ともあれ、かねてより綿密に計画された漢王朝転覆計画は、まず184年3月に行われるはずであった。しかし、王朝内応の任を負っていた馬元義が逮捕されたことで焦りが生じ、2月ごろに内応抜きで挙兵した。そしてこれに呼応する形で各地で黄巾党員や信者が蜂起。潁川では波才が、南陽では張曼成が指揮を執り、駐屯する官軍と戦った。また三国志演義では後に蜀の武将となる周倉や廖化なども、この時代では黄巾党に加担していたという。
しかし漢王朝の本拠たる洛陽は早々に防備を固められ、その間に何進を大将軍とする官軍が集まり、皇甫嵩、朱儁、曹操、盧植、孫堅らが討伐軍として編成された。これらが各地で討伐に当たったため、やがて黄巾党軍は劣勢となった。折しも指導者張角の病死により求心力が弱まったこともあり、張梁・張宝の討伐と共に大規模な乱は収束した。
だが、呼応した残党や農民は各地に散逸し、乱の後も各所で蜂起を起こした。特に青州の黄巾党は刺史であった劉岱を攻め滅ぼすほどの大勢力になったが、後に曹操の攻撃を受けて100万余が帰順したという。
また、黄巾の乱やその後の何進・十常侍・袁紹による政争劇、董卓による洛陽での暴虐などを受け、当時中国の中心地であった洛陽近辺の治安が悪化し、同地に住む知識人はより南にある荊州・揚州・益州・交州などに移住した。これら移住文人により中国南部の文化水準が拡充された結果独立の機運が高まり、劉璋・劉表・士燮などが群雄として立ったのである。その中でも有名なのが孫一族、すなわち孫堅である。また、劉備が都合よく軍師を見つけられたのもこれによるものが大きい。
これをして、黄巾の乱が三国時代の幕開けとなり、必要とされる理由となる。漢王室に集積させられていたカードが乱によって今一度シャッフルされ、各群雄に平等に配られたのである。(蒼天航路では曹操が同様の解説をする。)
各メディアの張角
NHK人形劇
同門である張角と劉備。秘密集会へ案内された劉備が張角の誘いを断り、決別する。
コーエー「三國志」シリーズ
「三國志Ⅴ」から最初のシナリオとして固定されている(PC版VIIを除く)。
最近の作品では軍に属さず、『黄巾』という独立した区分として扱われる。爵位を受けることは出来ないが、代わりに率いることができる兵がはじめから多いのが特徴。
初登場から魅力99と劉備と並んで全武将中1位タイだったが、「三國志VII」では一旦下がった。
「三國志VIII」では魅力99に戻り、98で据え置かれた劉備を上回り全武将中単独1位となった。
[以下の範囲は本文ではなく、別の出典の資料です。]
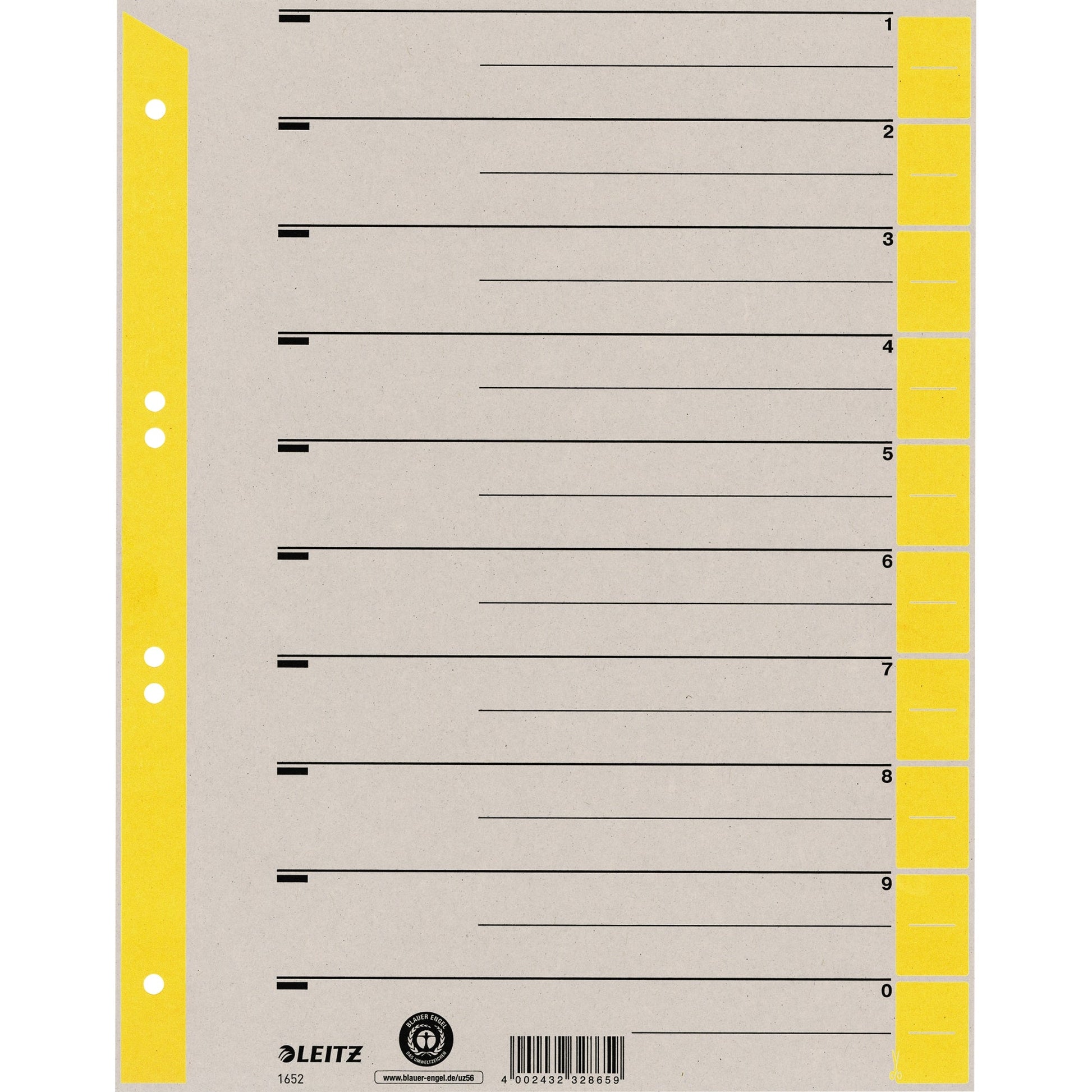 Bezeichnung: Leitz Trennblatt DIN A4, Überbreite Kraftkarton, 100 % recycelt gelb 100 St./Pack.
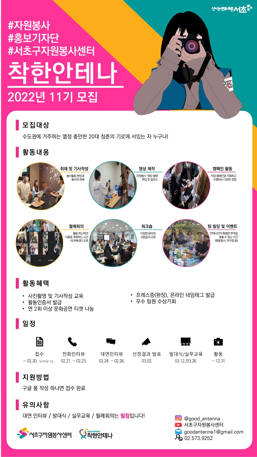 | [모집]2022년 서리풀 봉사학습 실천학교 멘토 (0) | 2022.03.21 |
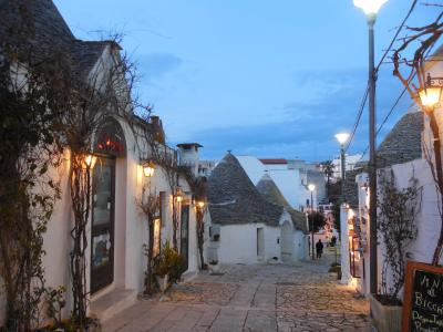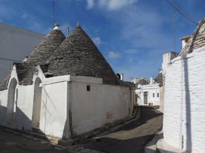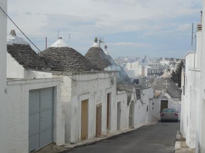 トゥルッリには実際に人が住んでいるものも多く、少し開いたドアからちょっとだけ中が垣間見えたりします。散策をすると色々な形のトゥルッリがあり、変形バージョンや屋根の低いのや、、、独特の世界を楽しめる街並みだと思います。- 旅行時期
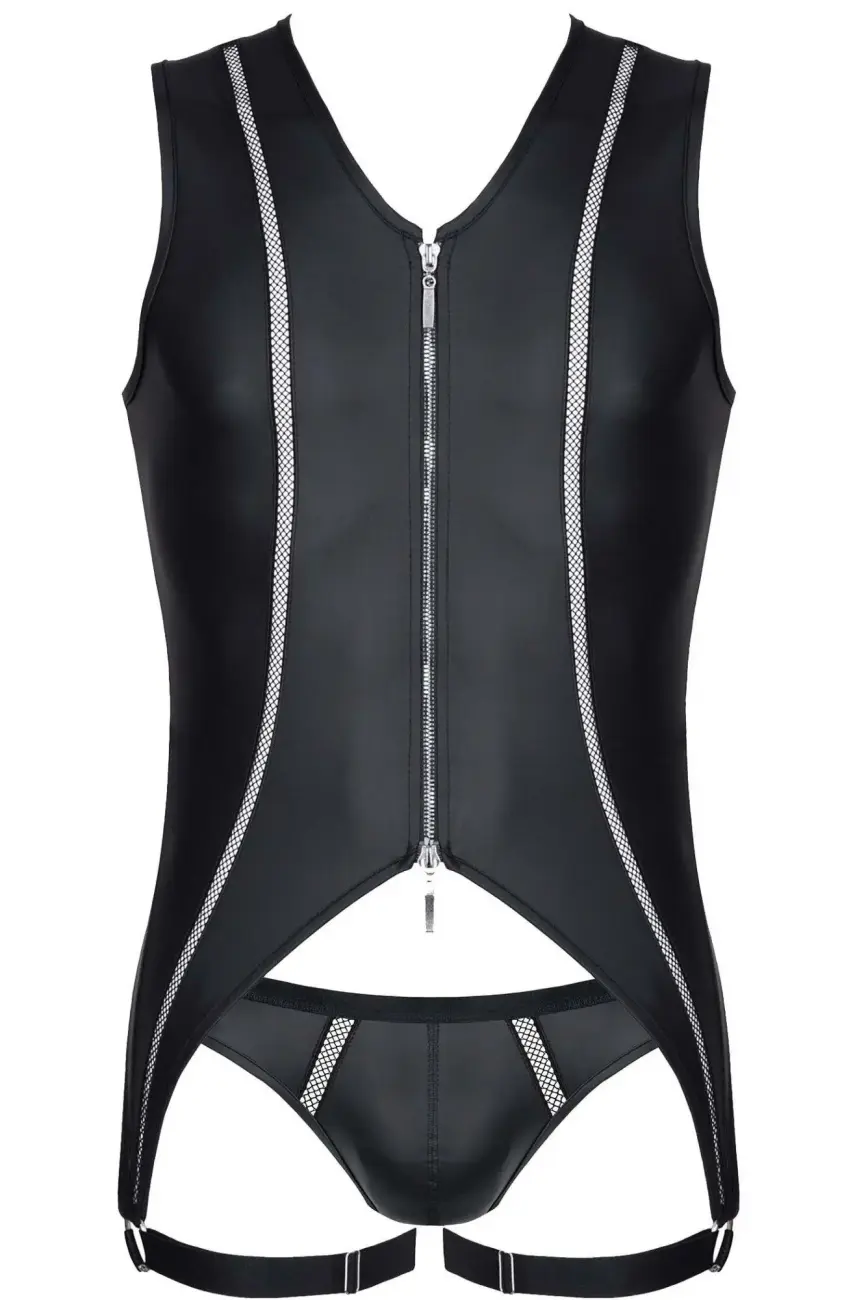 Этот эффектный комплект включает боди из материала wet look с привлекательными сетчатыми вставками по бокам и смелой открытой спиной, которая красиво демонстрирует ягодицы. Боди дополняют подходящие трусы в стиле джокстрап, выполненные с декоративными сетчатыми вставками и удобным, блестящим эластичным поясом. Обе части созданы для того, чтобы подчеркнуть ваши изгибы, с ремешками, предназначенными для акцентирования формы обнаженных ягодиц. Боди имеет двустороннюю молнию для регулируемого стиля и регулируемые металлические регуляторы на эластичных ремешках для идеальной посадки.

また、領内に賊が発生しないという特徴があった。
「三國志11」では攻撃する際、黄巾に属していればスローガンを叫ぶ事がある。
荀彧だろうと孔明だろうと「蒼!天!已!死! 黄!天!當!立!」と叫ぶ。
能力一覧 | 統率 | 武力 | 知力 | 政治 | 魅力 |
三國志V | - | 50 | 95 | 88 | 99 |
三國志VI | 93 | 25 | 93 | 80 | 99 |
三國志VII | - | 63 | 83 | 87 | 86 |
三國志VIII | - | 51 | 81 | 80 | 99 |
三國志IX | 92 | 26 | 87 | 81 | - |
三國志X | 90 | 27 | 86 | 80 | 98 |
三國志11 | 86 | 25 | 86 | 80 | 98 |
三國志12 | 87 | 25 | 86 | 80 | - |
三國志13 | 87 | 25 | 86 | 80 | - |
三國志14 | 89 | 25 | 86 | 80 | 98 |
ニコニコ歴史戦略ゲー
張角を主役とした天公将軍張角の挑戦が有名。東方含むオリキャラや改造有の動画なので苦手な方は注意。
真・三國無双における張角
杖を武器とする(無印のみ剣)が、なぜか杖の先から火炎を噴射する、怪しい教祖のような武将になってしまっている。その独特なモーションや妖しいセリフが特徴的であり、作品によって強さがまちまちながら強烈な印象を残すことが多い。火を噴くモーションが災いして武器属性はあまり使えない火で固定になるのはご愛敬。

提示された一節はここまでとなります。